Today we start a sermon series “Falling in Love Again.” Lent is the prenuptial period leading up to the great wedding banquet that begins on Maundy Thursday, that is consummated on Good Friday, and is proven unbreakable on Easter Sunday.
As we begin “Falling in Love Again,” Joel tells us quite plainly that there has been a falling out. In the relationship of God and man, the fellowship was broken. And God isn’t the one who moved. “Return to me,” God says. “Return to the Lord your God” (Joel 2:12,13). The Lord hasn’t gone anywhere. He is “immutable,” He’s unchanged, unchanging, and unchangeable. God always is: He always is, always is Himself, and always remains Himself.

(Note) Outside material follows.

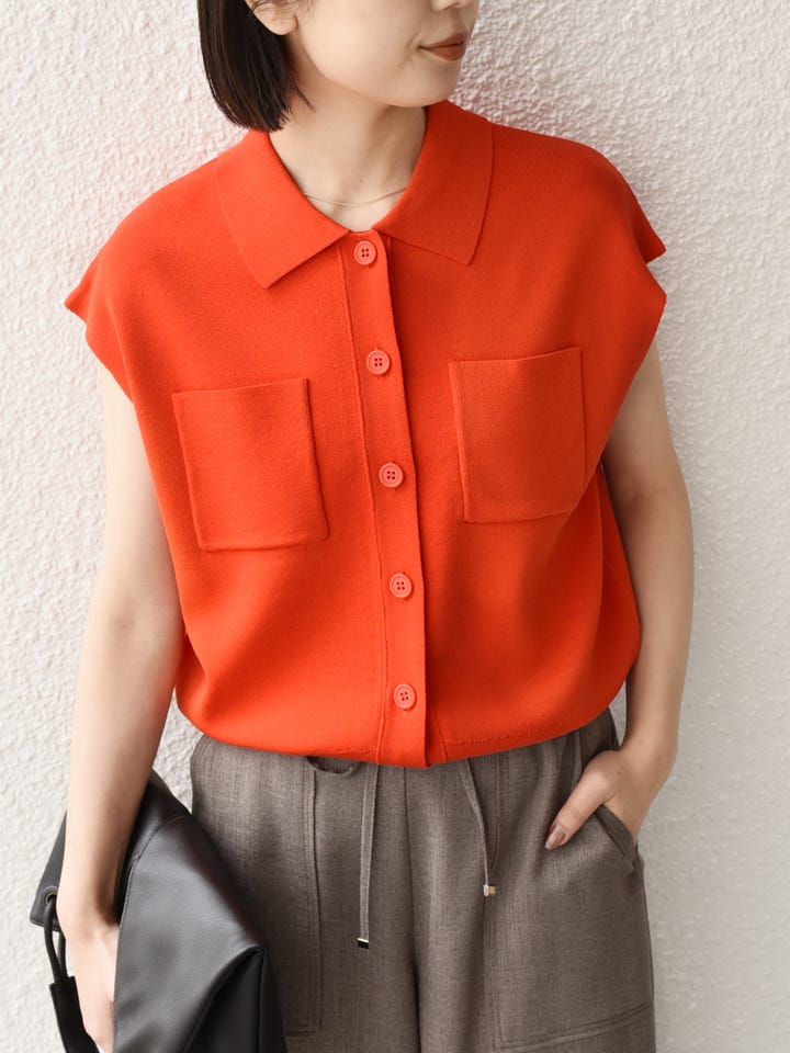 着用アイテム:〈手洗い可能〉ポロ フレンチスリーブ ニット ベスト◆

Israel drifted from God. How? The prophet’s warning, “Rend your heart and not your garments” (Joel 2:13). Israel was taking the easy way out of the relationship with God. They went through the motions; they tore their garments, fasted, sacrificed, and prayed. But their hearts were distant from Him. Israel wanted all the benefits of being God’s people. But relationships take time, they take effort, and they take sacrifice. Otherwise, they’re little more than a convenient joint venture. Their fellowship with Him was impaired, hindered. But they were still His people. And He is a jealous God, who wanted His people back.
In Baptism, for which Lent is the preparatory season—for those who are preparing to receive the Sacrament of Baptism, and also for the rest of us who will renew our Baptismal vows, and recommit to them—in Baptism we are marked as Christ’s own forever, and we become adopted into the household of God. In Baptism we are grafted into Christ, made a member of His Body, the Church.

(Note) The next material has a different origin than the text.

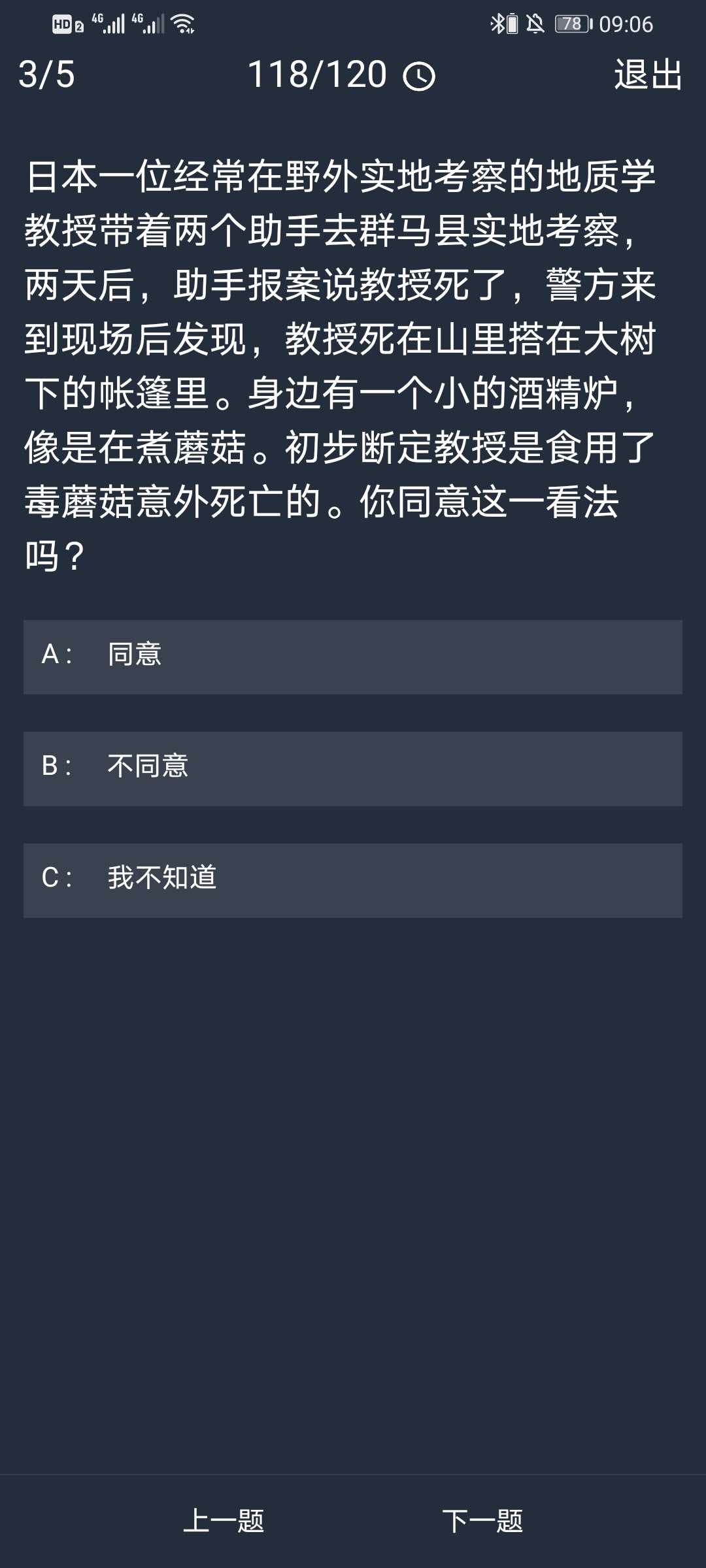 3、日本一位经常在野外实地考察的地质学教授带着两个助手去群马县实地考察,两天后,助手报案说教授死了,警方来到现场后发现,教授死在山里搭在大树下的帐篷里。身边有一个小的酒精炉,像是在煮蘑菇。初步断定教授是食用了毒蘑菇意外死亡的。你同意这一看法吗?

We may run away from God, but He remains our Father. And while we can lose sweet fellowship with God through sin, the relational tie of being His son and His daughter is unbreakable. God’s heart aches all the more whenever any child refuses to return to Him and ends up in Hell. Even there, the mark of baptism isn’t eradicated, though the inheritance has been forfeited. I could change my name, shave my head, fly off to Timbuktu, and lead a dissolute life, but Richard Lipka would always be my father; and his heart would forever yearn to have me return to him, even if at the last I we remained apart. God yearns for us to be with Him.
The call to repentance is not about punishing us. Our God is a loving Father Who desires what is best for us. Punishment means we made poor choices. Repentance is not about making us obey. My father never demanded I do things solely for the sake of obeying him. Even if it was a small matter, it was about family unity (perhaps for not primarily for my benefit), and for order. Repentance is about bringing us back into perfect and unbroken fellowship with God.
The three main disciplines of Lent—almsgiving, prayer, and fasting—are not about social justice. They are not primarily about helping my neighbor. They are about the inner healing of my soul, and its full fellowship with God. Our neighbor, by the grace of God, is part of that healing. Almsgiving, prayer, and fasting are not about trying to buy God; we cannot secure His grace by doing them, or anything…there’s no magic prayer. They are not to impress others; our actions must be done in secret to have eternal reward. And they are not to test ourselves; we don’t get to see how good we are though them. They must be about loving God, reuniting with Him, and understanding His heart.
It is our prayer—Fr. Norm, and Dcn. Steven, your Bishop, and me—that this Lent we remove those things that break fellowship with God. And that as we repent and consider the gracious love of our Father, God, we would, each one of us, fall in love again.